There’s lots of news from the first day of the convention, but manufacturers are more concerned with a major omission by the Republican Party: a statement supporting the Trans-Pacific Partnership (TPP). That’s one line worth repeating.
Manufacturers in the United States were happy to post production increases in June, but according to NAM Chief Economist Chad Moutray, “Manufacturing activity remains quite challenged.” Weak export numbers have contributed to these challenges as global demand remains underwhelming and competition from overseas continues to increase. Indeed, U.S. manufacturing exports are down $31 million in the first quarter of 2016 compared to two years ago.
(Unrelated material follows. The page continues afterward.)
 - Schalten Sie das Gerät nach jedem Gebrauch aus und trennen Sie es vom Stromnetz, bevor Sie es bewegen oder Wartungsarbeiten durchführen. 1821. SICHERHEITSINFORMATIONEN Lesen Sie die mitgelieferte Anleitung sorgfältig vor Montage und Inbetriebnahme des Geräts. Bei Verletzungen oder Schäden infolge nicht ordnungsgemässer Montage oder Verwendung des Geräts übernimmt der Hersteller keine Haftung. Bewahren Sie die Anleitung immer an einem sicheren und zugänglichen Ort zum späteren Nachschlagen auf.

Manufacturers need solutions to increase sales opportunities. Ninety-five percent of the world’s population and hundreds of millions of new middle-class consumers are outside the United States. That’s why improving U.S. competitiveness on trade is a key part of the NAM’s “Competing to Win” agenda. Manufacturers’ timetable is based on the invoices they need to pay to keep shop floors running and payrolls they need to meet for millions of American workers.
While the Republican National Convention platform has embraced many policies for which the NAM has advocated, it is disappointing to see the lack of support for movement on critical free trade agreements, such as the TPP. Every day that goes by, manufacturers in the United States are falling behind our competitors that already have trade agreements excluding and, therefore, putting U.S. manufacturing at a competitive disadvantage. Just consider how the United States has lost market share to China in the five TPP countries with which the United States does not have trade agreements.
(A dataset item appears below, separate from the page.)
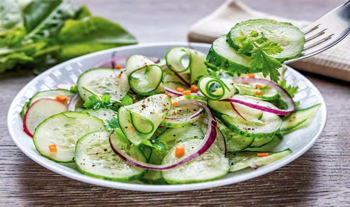 3. Una buena ensalada de pepino: rebane el pepino en rebanadas delgadas. Agregue cebolla morada y sal y deje reposando de 20 a 60 minutos. Enjuague, seque y aderece con vinagre de sidra mezclada con mostaza Dijon. No requiere aceite. Si el pepino es muy viejo, primero pélelo y quite

To grow U.S. manufacturing opportunities, it is critical that the TPP be embraced as a top priority and not be rejected as a political campaign promise. Without prioritizing this agreement, manufacturers in the United States will continue to lose globally. Of course, there is still work to do, and manufacturers call on both the Obama administration and Congress to roll up their sleeves and ensure that important and outstanding issues are addressed effectively and quickly so that the TPP is ready for consideration this fall, most likely during the post-election (lame-duck) session.
And for those reading the platform or listening to campaign rhetoric, here’s some “Truth on the Trail”: Don’t accept the myths on trade. America’s existing free trade market network with 20 countries has helped drive the substantial increase in manufacturing in the United States. Consider that manufacturers in the United States have nearly doubled production since 1993, the year before the North American Free Trade Agreement (NAFTA) came into force, spurred in significant part by a substantial increase in U.S. exports. Taken together, America’s 20 existing trade agreement partners buy nearly half (48.2 percent) of all U.S.-manufactured goods exports, while they only account for just 6 percent of the world’s consumers and less than 10 percent of the global economy. For those concerned about trade deficits, the United States has an overall manufacturing trade surplus with its FTA partners.
It’s time for economic reality and facts to shake up the misguided political rhetoric.